第46章 巣立つ想いと、残る想い
この言葉に隠されたハンジの想いとはいったい何なのだろうか…
ハンジは自身へ向けている慕情は捨てて、今は自分の中でモヤモヤとしている気持ちに向き合えと言ってるのだろうか…
タリアへの想いに…向き合えと…
そんな風に都合良く解釈しても、果たして自分は許されるのだろうか…
長い事敬愛と共に慕い続けたこの想いを、他に向けても、それは許される事なのだろうか…
すると月明かりを眺めながら酒を飲んでいたハンジが、チラリと視線だけをモブリットに向けた。

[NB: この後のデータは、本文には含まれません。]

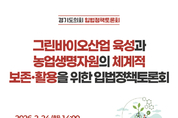 [데일리엔뉴스 이종성 기자] 경기도의회가 그린바이오산업 육성과 농업생명자원의 체계적 보존·활용 방안을 논의하는 입법정책토론회를 연다. 도의회는 오는 2월 24일 오후 2시 연천군 종합복지관 3층 소강당에서 「그린바이오산업 육성과 농업생명자원의 체계적 보존·활용을 위한 입법정책토론회」를 개최한다고 19일 밝혔다. 이번 토론회는 농정해양위원회 윤종영 부위원장이 좌장을 맡아 발제와 토론을 진행하고, 제도 개선 방향에 대한 의견을 종합·정리할 예정이다. 행사는 연천군이 경기도 그린바이오산업 북부 육성지구로 지정된 이후 농업생명자원의 보존·관리 체계와 산업적 활용 방안을 종합적으로 점검하기 위해 마련됐다. 발제는 최춘환 경기도경제과학진흥원 바이오연구개발팀 책임연구원과 최익영 강원대학교 스마트팜농산업학과 교수가 맡는다. 두 발제자는 농업생명자원의 산업화 가능성과 정책 지원 방향을 제시할 계획이다. 이어지는 토론에는 그린바이오산업 기업체 대표를 비롯해 엄기만 경기도 바이오산업과장, 황인순 경기도 친환경농업과장, 정윤경 경기도농업기술원 선인장다육식물연구소장, 이현주 연천군 경제교통과장이 참여한다. 참석자들은 농업생명자원 보존과 산업적 활용을 위한 정책 과제를 다각도로 논의

「すまなかったな…長い事モブリットの優しさに甘えて色々とこき使ってしまって。いや、あれはもう完全に丁稚扱いだったな…」
少し気不味そうに自虐的な笑みをこぼすハンジ。
「そ、そんなことは決して…!」
なんだかその自虐的な笑みが儚くて思わず否定をしてしまう。
「いいんだ…事実だしな。ねぇ…モブリット?」
「は、はい?!」
「もし、モブリットが人生に悔いの残らない何かと向き合っても、君は私の副官として働いてくれるか?」
「………」
月明かりに照らされたハンジは、気不味い想いを悟られたくないのか、顔半分を月に向けて視線だけでモブリットの様子を伺う。
何を言ってるんだこの人は…
自分はこの目の前にいるあなたに忠誠を誓い敬愛を貫くと決めているのだ。
他でもない、あなたに…
「そ、そんなの…当たり前じゃないですか…」
「そうか…」
「私があなたの副官辞めたら、燃料切れを起こした時にベッドまで運んで来るのはいったい誰ですか?クレアでは無理ですし、きっとリヴァイ兵長だってお風呂に入らないあなたを抱えて運ぶのは嫌だと断られるはずです。それに、翌日お説教をする人だっていません。クレアは厳しい所もありますが、少し甘い所もありますから任せられませんしね。」
モブリットのくどくどとした説明を聞くと、ハンジは少し安心した様にクスリと笑った。